• _To do_
From the line below that contains "シートベルト着用の呼び掛けと、当社のエンブレムが入ったヘッドカバー" to the line that contains "Елегантна, витончена модерна", repeat every line exactly, both ends included, and nothing else.

─── Data ───

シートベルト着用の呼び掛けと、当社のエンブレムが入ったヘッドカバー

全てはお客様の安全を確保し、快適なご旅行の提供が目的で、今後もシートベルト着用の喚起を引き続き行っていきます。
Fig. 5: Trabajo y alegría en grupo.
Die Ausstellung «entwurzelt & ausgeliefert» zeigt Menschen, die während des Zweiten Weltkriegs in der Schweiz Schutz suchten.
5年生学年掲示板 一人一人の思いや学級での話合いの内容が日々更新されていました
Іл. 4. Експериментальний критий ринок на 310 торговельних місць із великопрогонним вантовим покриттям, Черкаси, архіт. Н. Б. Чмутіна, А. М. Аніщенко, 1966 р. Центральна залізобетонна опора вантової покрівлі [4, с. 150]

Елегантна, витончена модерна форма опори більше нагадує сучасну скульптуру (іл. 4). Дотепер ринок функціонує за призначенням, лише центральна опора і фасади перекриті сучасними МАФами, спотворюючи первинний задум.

───
─── Data ───

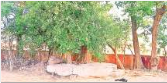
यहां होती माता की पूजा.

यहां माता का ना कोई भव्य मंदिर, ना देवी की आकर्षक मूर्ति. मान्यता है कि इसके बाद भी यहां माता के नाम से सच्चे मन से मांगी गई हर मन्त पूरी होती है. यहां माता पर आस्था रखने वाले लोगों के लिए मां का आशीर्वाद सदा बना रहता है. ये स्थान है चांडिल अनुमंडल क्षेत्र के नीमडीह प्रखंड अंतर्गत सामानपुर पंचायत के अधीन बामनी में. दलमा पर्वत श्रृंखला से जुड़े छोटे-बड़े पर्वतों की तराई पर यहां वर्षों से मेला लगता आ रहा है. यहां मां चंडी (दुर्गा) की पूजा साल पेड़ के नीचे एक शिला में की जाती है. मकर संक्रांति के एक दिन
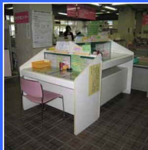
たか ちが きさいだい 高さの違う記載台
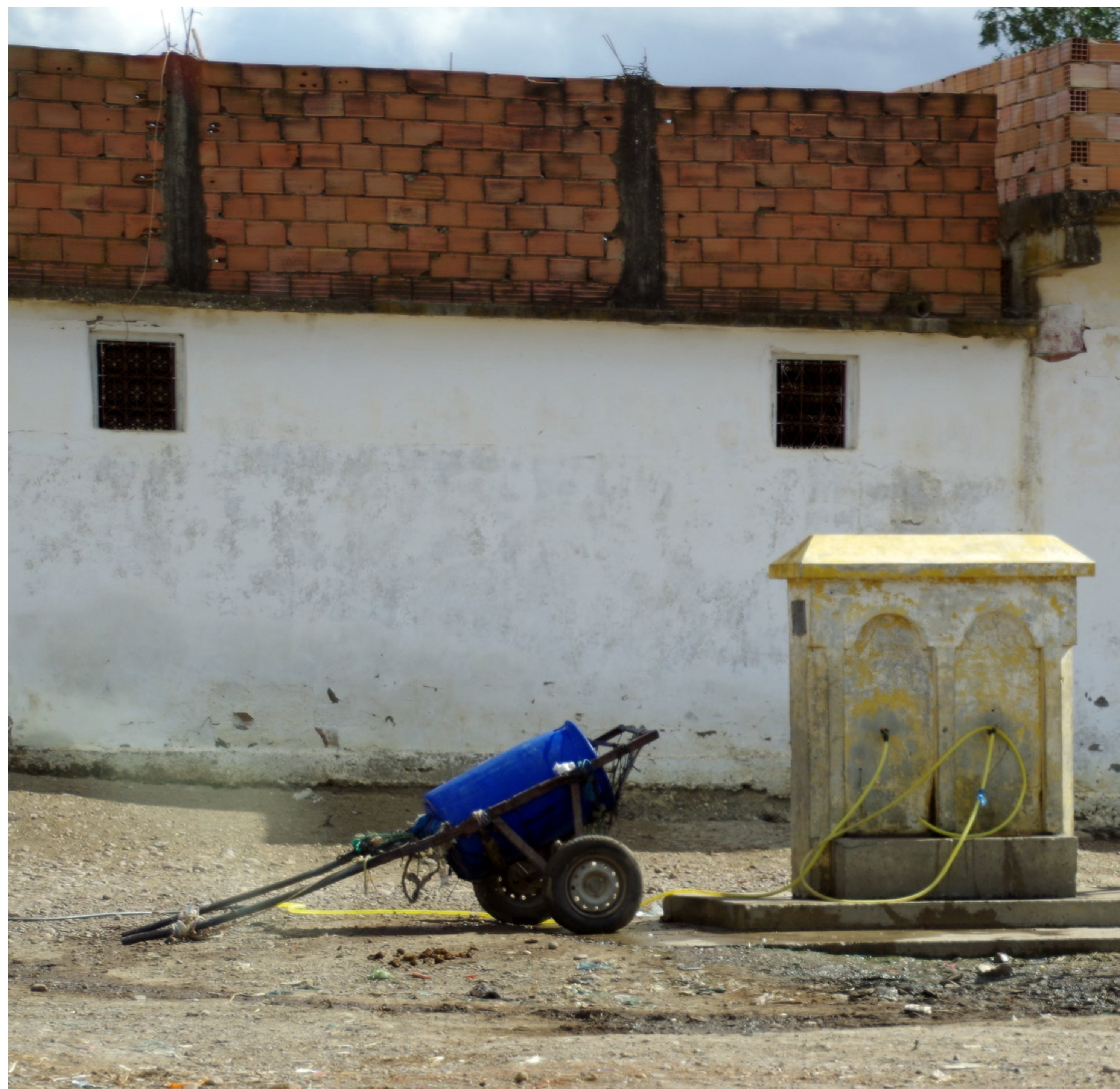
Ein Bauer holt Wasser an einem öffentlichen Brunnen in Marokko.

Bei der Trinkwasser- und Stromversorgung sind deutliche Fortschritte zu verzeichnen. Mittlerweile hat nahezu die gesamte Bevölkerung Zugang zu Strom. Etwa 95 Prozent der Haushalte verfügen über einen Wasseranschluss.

───
─── Data ───

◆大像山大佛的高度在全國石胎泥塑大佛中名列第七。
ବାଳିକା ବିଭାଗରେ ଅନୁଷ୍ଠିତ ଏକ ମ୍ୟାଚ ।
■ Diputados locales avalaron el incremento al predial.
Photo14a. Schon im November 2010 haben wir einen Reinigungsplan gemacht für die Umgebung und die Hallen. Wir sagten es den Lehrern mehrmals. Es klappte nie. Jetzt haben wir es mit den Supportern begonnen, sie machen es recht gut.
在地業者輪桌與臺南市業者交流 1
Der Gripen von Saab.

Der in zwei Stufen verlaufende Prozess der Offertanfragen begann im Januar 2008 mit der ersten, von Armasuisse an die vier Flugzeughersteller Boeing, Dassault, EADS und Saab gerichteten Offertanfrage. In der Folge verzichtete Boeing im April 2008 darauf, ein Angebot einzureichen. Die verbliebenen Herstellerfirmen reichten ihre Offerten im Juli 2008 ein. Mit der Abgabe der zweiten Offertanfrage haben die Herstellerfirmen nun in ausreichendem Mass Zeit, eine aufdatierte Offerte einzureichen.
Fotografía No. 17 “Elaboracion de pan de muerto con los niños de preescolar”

───

• _Result of this exercise_
シートベルト着用の呼び掛けと、当社のエンブレムが入ったヘッドカバー

全てはお客様の安全を確保し、快適なご旅行の提供が目的で、今後もシートベルト着用の喚起を引き続き行っていきます。
Fig. 5: Trabajo y alegría en grupo.
Die Ausstellung «entwurzelt & ausgeliefert» zeigt Menschen, die während des Zweiten Weltkriegs in der Schweiz Schutz suchten.
5年生学年掲示板 一人一人の思いや学級での話合いの内容が日々更新されていました
Іл. 4. Експериментальний критий ринок на 310 торговельних місць із великопрогонним вантовим покриттям, Черкаси, архіт. Н. Б. Чмутіна, А. М. Аніщенко, 1966 р. Центральна залізобетонна опора вантової покрівлі [4, с. 150]

Елегантна, витончена модерна форма опори більше нагадує сучасну скульптуру (іл. 4). Дотепер ринок функціонує за призначенням, лише центральна опора і фасади перекриті сучасними МАФами, спотворюючи первинний задум.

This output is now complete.